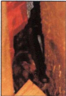
Großes Mausohr wohnt gern im Speicher

Eine nur ca. 5gr. leichte Zwergfledermaus vertilgt bis zu 50000 Mücken pro Jahr.
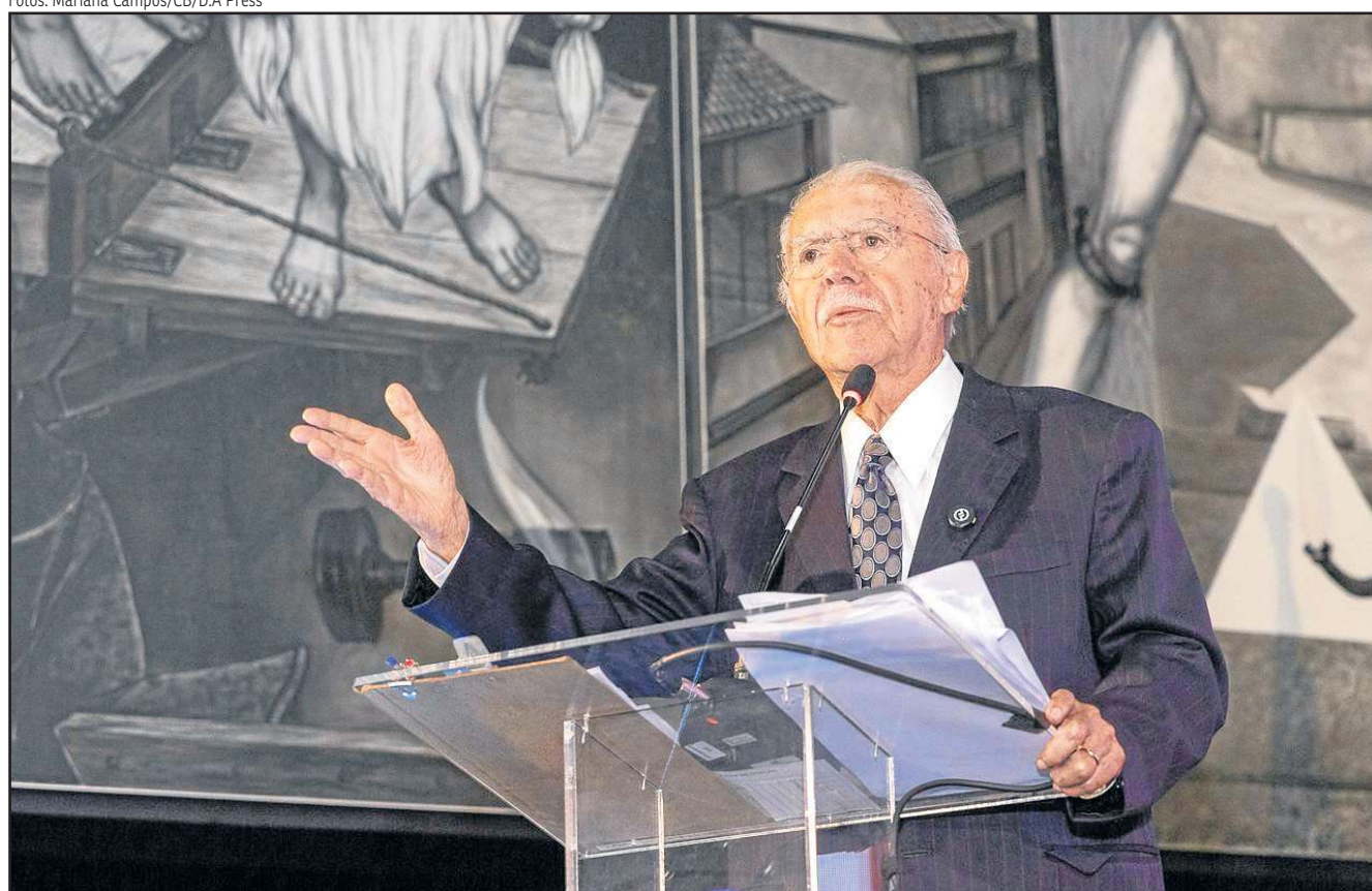
No discurso, Sarney enfatizou, ainda, a importância da Constituição de 1988 e da cooperação entre civis e militares

Reunidos na Praça dos Três Poderes, autoridades, acadêmicos e ex-chefes de Estado celebraram os 40 anos de redemocratização do Brasil com os olhos voltados para a manutenção da estabilidade política no país. "Nossa democracia amadureceu, mas precisa ser protegida. Devemos continuar a exigir a profundidade do processo democrático e garantir que ele nunca seja interrompido. O preço da liberdade é a eterna vigilância", disse José Sarney, o primeiro a assumir a Presidência da República após os 21 anos de ditadura militar. Convidados do evento apoiado pelo Correio também indicaram a garantia da equidade de gênero, a redução das desigualdades e o combate ao ódio político como condições indispensáveis para evitar novos retrocessos.
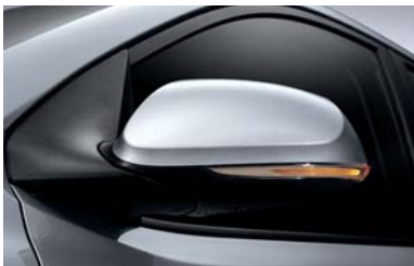
مصباح صغيرة بالمرآيا الخارجية
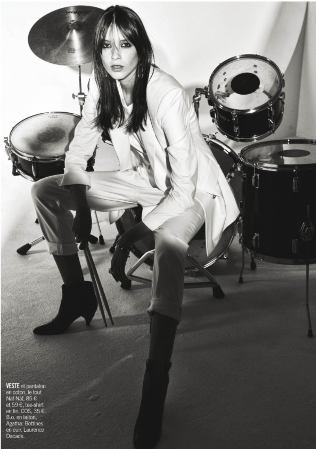
VESTE et pantalon en coton, le tout Naf Naf, 85 € et 59 €, tee-shirt en lin, COS, 35 €. B.o. en laitton, Agatha. Bottines en cuir, Laurence Dacade.
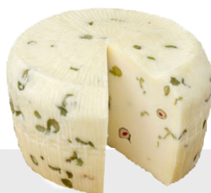
Primo Sale aux olives
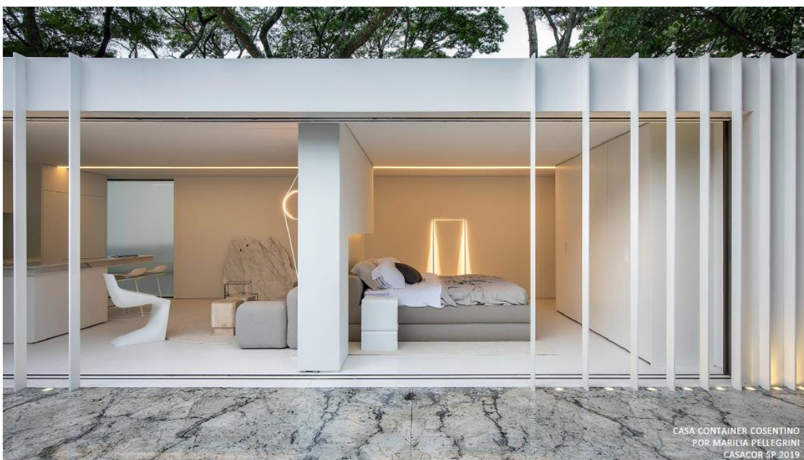
CASA CONTAINER COSENTINO POR MARILIA PELLEGRINI CASACOR SP 2019

====================

— DIRECTIONS FOR THIS TASK —
Repeat the records above exactly, from the first line through the line containing "No discurso, Sarney", and leave out the pictures.

— ANSWER TO THIS PROBLEM —
Großes Mausohr wohnt gern im Speicher

Eine nur ca. 5gr. leichte Zwergfledermaus vertilgt bis zu 50000 Mücken pro Jahr.
No discurso, Sarney enfatizou, ainda, a importância da Constituição de 1988 e da cooperação entre civis e militares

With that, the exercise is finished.